§ Raw data

┌──

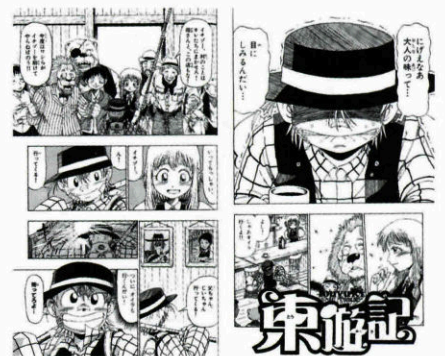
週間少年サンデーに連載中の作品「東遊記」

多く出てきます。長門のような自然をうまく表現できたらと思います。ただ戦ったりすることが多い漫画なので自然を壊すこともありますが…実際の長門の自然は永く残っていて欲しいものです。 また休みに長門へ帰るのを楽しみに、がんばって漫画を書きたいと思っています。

└──
┌──

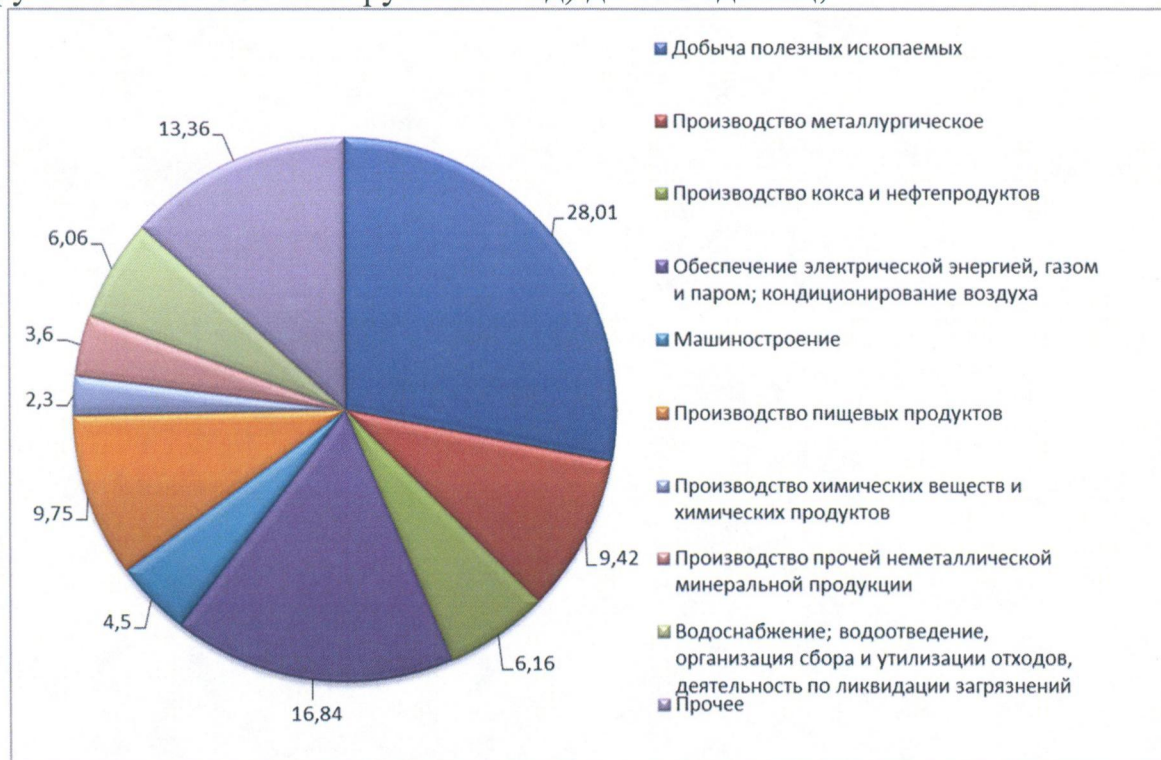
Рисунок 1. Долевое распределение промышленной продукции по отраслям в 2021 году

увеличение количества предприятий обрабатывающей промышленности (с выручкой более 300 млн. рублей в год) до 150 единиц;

└──

§ What needs to be done
When the line with "週間少年サンデーに連載中の作品「東遊記」" is reached in the data above, begin copying, and stop after the line with "多く出てきます。長門のような"; copy each line exactly, both ends included.

§ Output for this task
週間少年サンデーに連載中の作品「東遊記」

多く出てきます。長門のような自然をうまく表現できたらと思います。ただ戦ったりすることが多い漫画なので自然を壊すこともありますが…実際の長門の自然は永く残っていて欲しいものです。 また休みに長門へ帰るのを楽しみに、がんばって漫画を書きたいと思っています。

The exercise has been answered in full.